Allan Taylor died in April 1890, leaving Sophia with an estate valued at £20,000 but with a £4,000 mortgage. Sophia had not been involved in her husband's business affairs and was unprepared for the financial burden.

She sold investments and land to pay death duties and sustain the household, but the family was unable to fully maintain its comfortable lifestyle. She also sold some of their horses and carriages, and possibly reduced the number of servants, including the coachman. For the next 40 years she managed the estate, earning income from the sale of its farm produce, including vegetables, fruit, and flowers, and overseeing a flock of prize poultry that provided eggs for sale.

Taylor supported the women's franchise movement because women had the same obligations as men to obey the law and pay taxes, but she was opposed to women standing for Parliament. She joined the first committee of the Women's Franchise League's Auckland branch in 1892, and also joined the Woman's Christian Temperance Union, although she was not a prohibitionist.

Taylor translated Franz Delitzsch's 'Neuer Kommentar über die Genesis' (A New Commentary on Genesis).

In 1893, women gained suffrage in New Zealand.
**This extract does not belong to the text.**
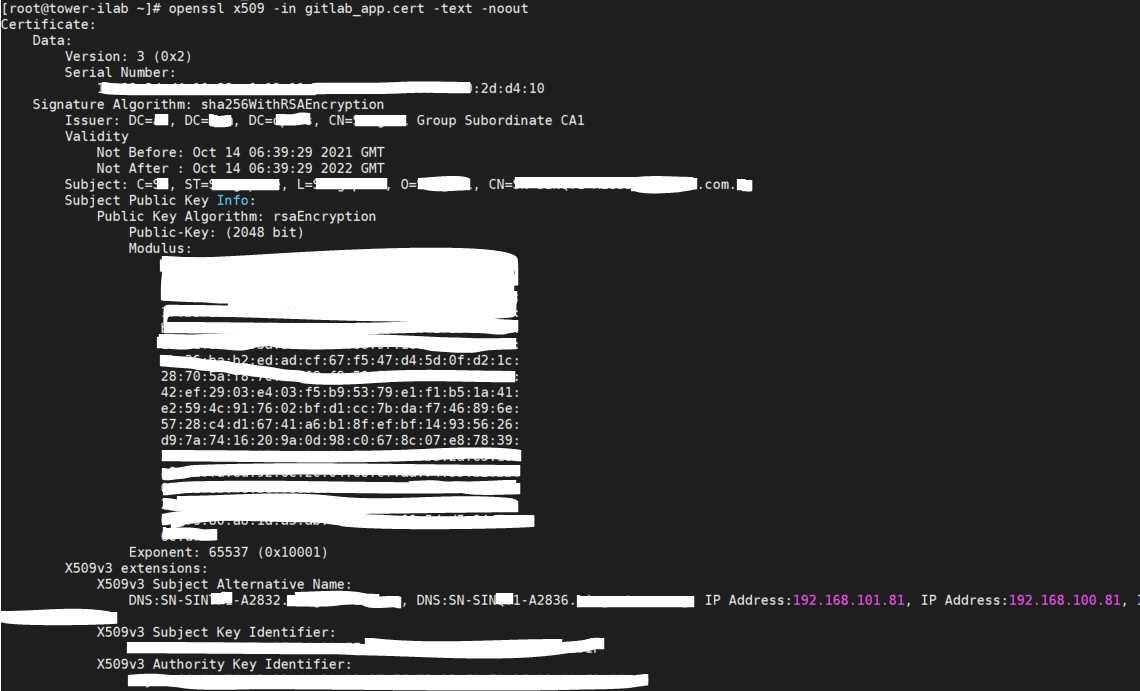 Share the CSR (e.g., gitlab_new.csr) with the certificate signing authority for certificate issuance.

Taylor continued to be politically active on a range of issues, both speaking and writing, as late as the end of World War I. The positions she espoused included opposition to the single-tax movement and opposition to an initiative to hunt opossums for sport.

From 1908, she ended her earlier custom of entertaining guests at Alberton and lived quietly there with her three unmarried daughters and her son Hector until his death in 1914. In 1916, 16 acres of the estate was sold for the Mount Albert Grammar School.

After her death on 24 January 1930, her three unmarried daughters, Winifred, Millicent and Muriel, took care of the estate for the rest of their lives. When the last daughter died in 1972, ownership of the estate passed to the New Zealand Historic Places Trust. Alberton is registered as a Category I historic building with registration number 26.

Sophia Taylor, her husband and their children are buried at St Luke's graveyard.